- Also known as: El Viejo Mile
- Born: Emiliano Antonio Zuleta Baquero January 11, 1912 La Jagua del Pilar, Colombia
- Died: October 30, 2005 (aged 93) Valledupar, Colombia
- Genres: vallenato
- Spouse: Carmen Díaz
- Children: 16, including Los Hermanos Zuleta

= Emiliano Zuleta =

Colombian singer, vallenato songwriter and accordionist

Emiliano Antonio Zuleta Baquero (1912–2005) was a Colombian vallenato songwriter, accordion player and singer, popularly known as El Viejo Mile (The Old Mile).
Around 1938 he wrote "La Gota Fría", a song that emerged from a piqueria with Lorenzo Morales and that years later was recorded by Carlos Vives, turning the song into an international hit.

==Biography==
Zuleta was born on January 11, 1912, in La Jagua del Pilar (then called La Jagua del Pedregal), a small town in La Guajira, Colombia. His parents were Cristóbal Zuleta Bermúdez, a guitarist and singer, and Sara María Baquero.
Zuleta's mother was known in the vallenato community as "la vieja Sara", and is referenced by name in several vallenato songs.

As a teenager Zuleta learned to play caja and gaita with Cayetano Atencio. At the age of 15 he stole an accordion from his uncle Francisco Salas and taught himself to play.

The inaugural accordionist competition of the Festival de la Leyenda Vallenata was held in 1968, and Zuleta competed.
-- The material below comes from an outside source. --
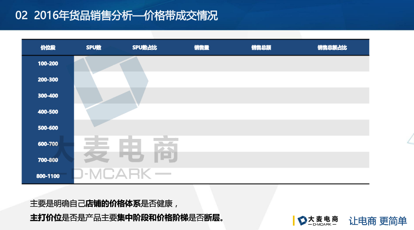 这一分析主要是明确自己店铺的价格体系是否健康,主打价位是否是产品主要集中集中阶段和价格阶梯是否断层。
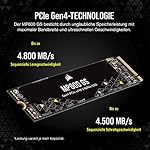 Corsair MP600 GS 500 GB PCIe Gen4 x4 NVMe M.2-SSD – Hochdichter TLC NAND – M.2 2280-Formfaktor – Kompatibel mit DirectStorage – Bis zu 4.800 MB/s – Ideal für PCIe 4.0-Notebooks – Schwarz

He was disqualified after failing to return to the stage for the final round, because he was away celebrating his expected victory with friends.
Instead, the competition was won by Alejo Durán.
Zuleta competed again in 1971, coming third behind Luis Enrique Martínez and winner Alberto Pacheco.
In 2005 the Festival gave him the title "King for life" (Spanish: Rey vitalicio), alongside Rafael Escalona, Calixto Ochoa, Leandro Díaz, and Adolfo Pacheco.

Zuleta had 8 children with his wife Carmen Díaz, including Emiliano and Poncho of Los Hermanos Zuleta, and 8 other children for a total of 16.
He died on October 30, 2005, in Valledupar, Cesar, from respiratory problems at the age of 93.

==Musical style and compositions==
Zuleta wrote songs in all four rhythms of vallenato, starting with his first merengue in 1927, and was particularly known for writing paseos.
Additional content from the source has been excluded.